DATA UNDER STUDY:
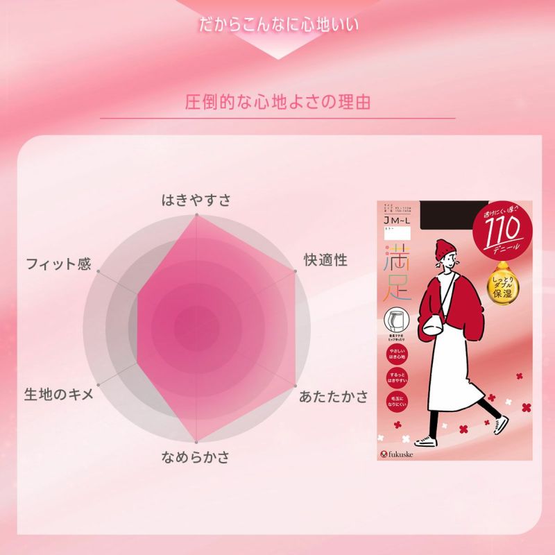 レディース 婦人 女性 フクスケ fukuske 静電気防止 消臭糸使用 つま先スルー オリジナルダブル保湿加工 発熱加工 満足: 毛玉になりにくい 無地 タイツ 110デニール しっとりダブル保湿 (740-7301)
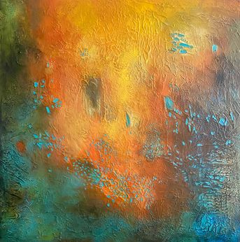 A vibrant textured abstract where orange, yellow, and teal converge in energetic layers, radiating warmth, contrast, and a sense of playful movement.
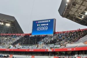 體育資訊03月14日訊 中超第2輪,山東泰山主場(chǎng)對(duì)陣北京國(guó)安的比賽正在進(jìn)行。現(xiàn)場(chǎng)大屏幕顯示,本場(chǎng)比賽的到場(chǎng)人數(shù)為45069人。
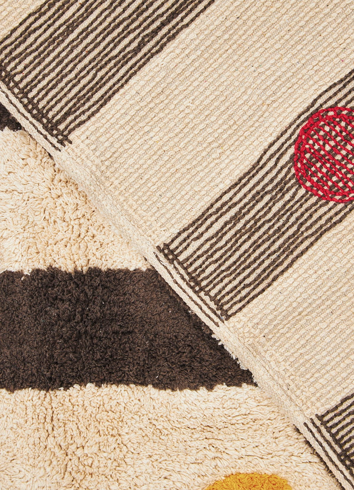 O tapete de algodão Lorena Canals e MOOUI, produzido com tintas atóxicas, é leve devido à sua composição e trama flexíveis, permitindo que ele seja lavado no conforto de sua casa, em máquinas de lavar roupas convencionais. Feito à mão, um a um por técnicas de tear tradicionais indianas, cada peça do tapete é única e artesanal, podendo haver pequenas irregularidades e variações.
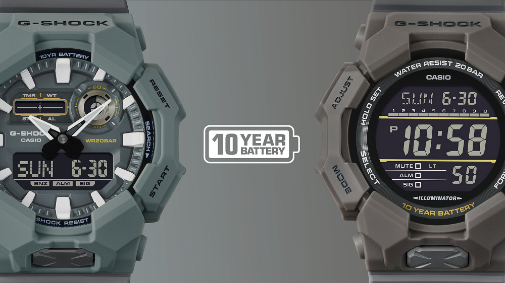 ハードな使用に耐える耐衝撃性能と、長く使える電池寿命約10年を同時に実現したGA-010、GD-010。
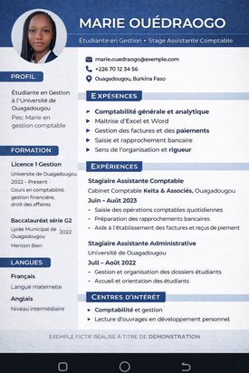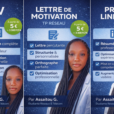Bonjour 👋, je m'appelle Assaitou Guengané, étudiante en Licence 1 Réseaux et Télécommunications à Ouagadougou. Je propose des services professionnels pour vous aider à : ✔ Créer ou améliorer votre CV ✔ Rédiger une lettre de motivation impactante ✔ Optimiser votre profil LinkedIn pour attirer les recruteurs Je m'assure que vos documents soient clairs, bien structurés et adaptés au poste que vous visez. Mon objectif : vous aider à présenter la meilleure version de vous-même pour maximiser vos chances de réussite. 🎯 Travail rapide, soigné et personnalisé 📩 Contactez-moi avant de commander pour discuter de votre besoin
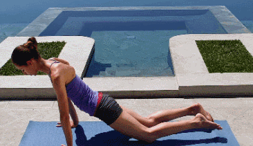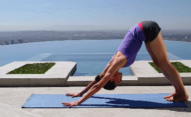 双手撑住地面不动,腿伸直再次做下犬式姿势,注意上身一定呈一条直线,不要弓背,脚跟也不能离地。然后向前提起一条腿,颔首尽量将头部与膝盖靠近,慢慢向后抬举腿,尽量伸直指向空中,呈单腿下犬式,收回腿后换另一边重复动作。
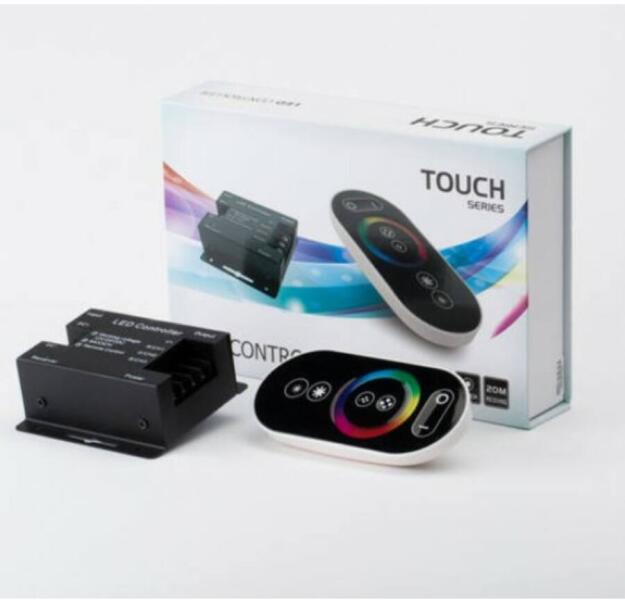 Az egyik legnagyobb tudású RGB vezérlő rádiós vezérléssel, mellyel akár 20 méteres szalagot is működtethet. Érintésérzékeny felülete garantálja a pontos vezérlést. Segítségével a változtatható színű RGB LED szalagok vezérlése könnyedén megoldható, a ki- és bekapcsolás, fényerősség állítás, valamint a sebességállítás mellett 18 fényprogrammal is rendelke
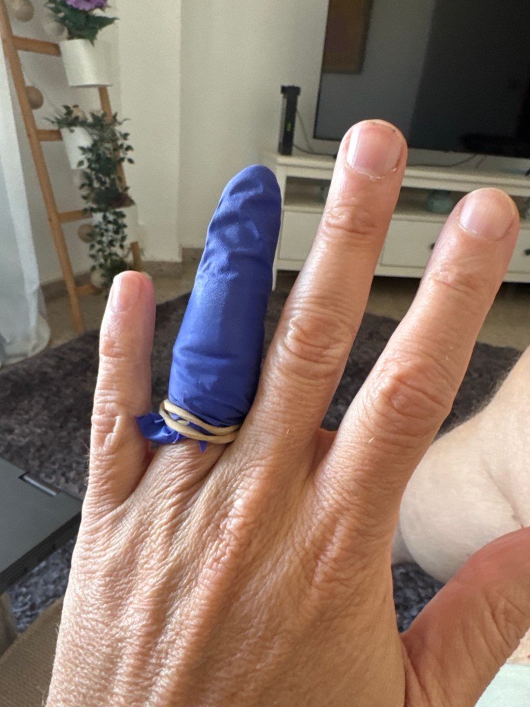 As a safe guard, I cut a rubber glove and created a “finger glove.” No sand. No water. No infection.
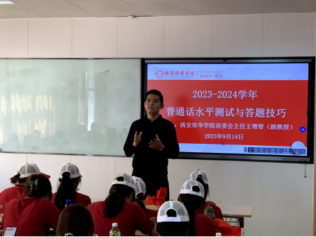 9月12日,人文与国际教育学院学前教育系副教授,校语委会办公室主任王增智为2023级学前教育本科专业的50名新生开展了以“普通话水平测试与答题技巧”为主题的培训活动,王主任生动地为同学们讲述了普通话的学习方法和测试答题技巧,明确了学好普通话对同学们所在专业的重要性,同学们培训后主动要求王主任建立学习专用微信交流群。
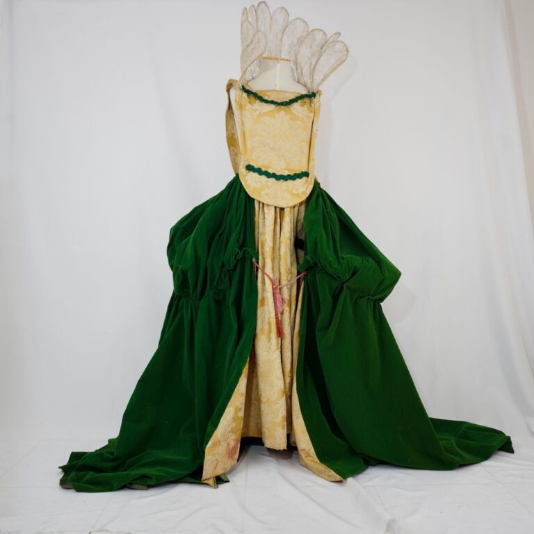 by Michelle Araujo Leia Mais...Vestido da Rainha Mary Stuart, saia de veludo verde e parte frontal Jacquard dourado com crinolina de arame com espuma. Blusa estilo corset de tecido Jacquard dourado com...
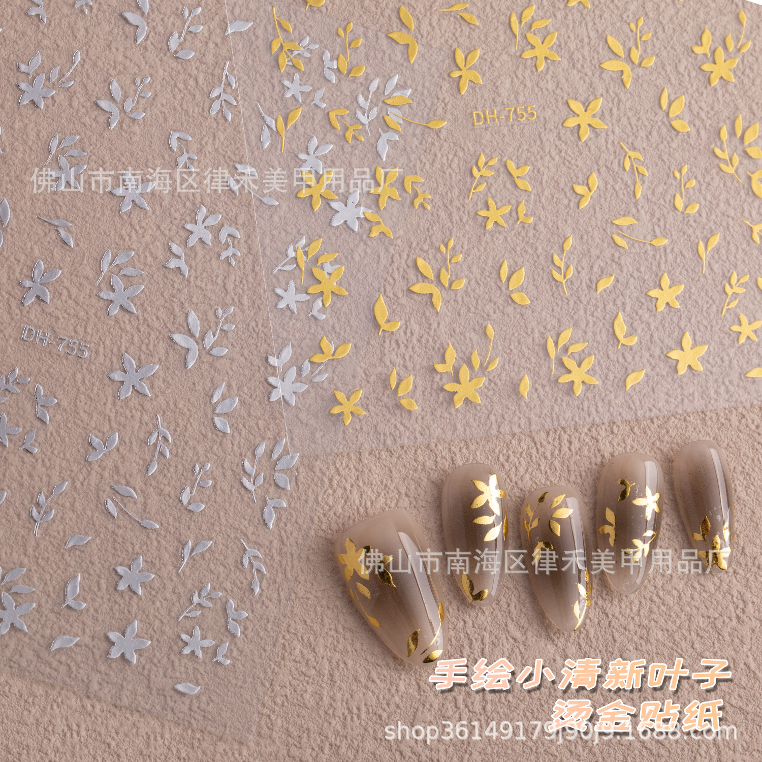 新型の軽豪華な箔押し銀ネイルシール2d手描きの小清新な落葉ネイルシール装飾テープ

WORK INSTRUCTIONS: Print the records exactly, every one. Leave out the pictures.

COMPLETED EXERCISE:
 レディース 婦人 女性 フクスケ fukuske 静電気防止 消臭糸使用 つま先スルー オリジナルダブル保湿加工 発熱加工 満足: 毛玉になりにくい 無地 タイツ 110デニール しっとりダブル保湿 (740-7301)
 A vibrant textured abstract where orange, yellow, and teal converge in energetic layers, radiating warmth, contrast, and a sense of playful movement.
 體育資訊03月14日訊 中超第2輪,山東泰山主場(chǎng)對(duì)陣北京國(guó)安的比賽正在進(jìn)行。現(xiàn)場(chǎng)大屏幕顯示,本場(chǎng)比賽的到場(chǎng)人數(shù)為45069人。
 O tapete de algodão Lorena Canals e MOOUI, produzido com tintas atóxicas, é leve devido à sua composição e trama flexíveis, permitindo que ele seja lavado no conforto de sua casa, em máquinas de lavar roupas convencionais. Feito à mão, um a um por técnicas de tear tradicionais indianas, cada peça do tapete é única e artesanal, podendo haver pequenas irregularidades e variações.
 ハードな使用に耐える耐衝撃性能と、長く使える電池寿命約10年を同時に実現したGA-010、GD-010。
Bonjour 👋, je m'appelle Assaitou Guengané, étudiante en Licence 1 Réseaux et Télécommunications à Ouagadougou. Je propose des services professionnels pour vous aider à : ✔ Créer ou améliorer votre CV ✔ Rédiger une lettre de motivation impactante ✔ Optimiser votre profil LinkedIn pour attirer les recruteurs Je m'assure que vos documents soient clairs, bien structurés et adaptés au poste que vous visez. Mon objectif : vous aider à présenter la meilleure version de vous-même pour maximiser vos chances de réussite. 🎯 Travail rapide, soigné et personnalisé 📩 Contactez-moi avant de commander pour discuter de votre besoin
 双手撑住地面不动,腿伸直再次做下犬式姿势,注意上身一定呈一条直线,不要弓背,脚跟也不能离地。然后向前提起一条腿,颔首尽量将头部与膝盖靠近,慢慢向后抬举腿,尽量伸直指向空中,呈单腿下犬式,收回腿后换另一边重复动作。
 Az egyik legnagyobb tudású RGB vezérlő rádiós vezérléssel, mellyel akár 20 méteres szalagot is működtethet. Érintésérzékeny felülete garantálja a pontos vezérlést. Segítségével a változtatható színű RGB LED szalagok vezérlése könnyedén megoldható, a ki- és bekapcsolás, fényerősség állítás, valamint a sebességállítás mellett 18 fényprogrammal is rendelke
 As a safe guard, I cut a rubber glove and created a “finger glove.” No sand. No water. No infection.
 9月12日,人文与国际教育学院学前教育系副教授,校语委会办公室主任王增智为2023级学前教育本科专业的50名新生开展了以“普通话水平测试与答题技巧”为主题的培训活动,王主任生动地为同学们讲述了普通话的学习方法和测试答题技巧,明确了学好普通话对同学们所在专业的重要性,同学们培训后主动要求王主任建立学习专用微信交流群。
 by Michelle Araujo Leia Mais...Vestido da Rainha Mary Stuart, saia de veludo verde e parte frontal Jacquard dourado com crinolina de arame com espuma. Blusa estilo corset de tecido Jacquard dourado com...
 新型の軽豪華な箔押し銀ネイルシール2d手描きの小清新な落葉ネイルシール装飾テープ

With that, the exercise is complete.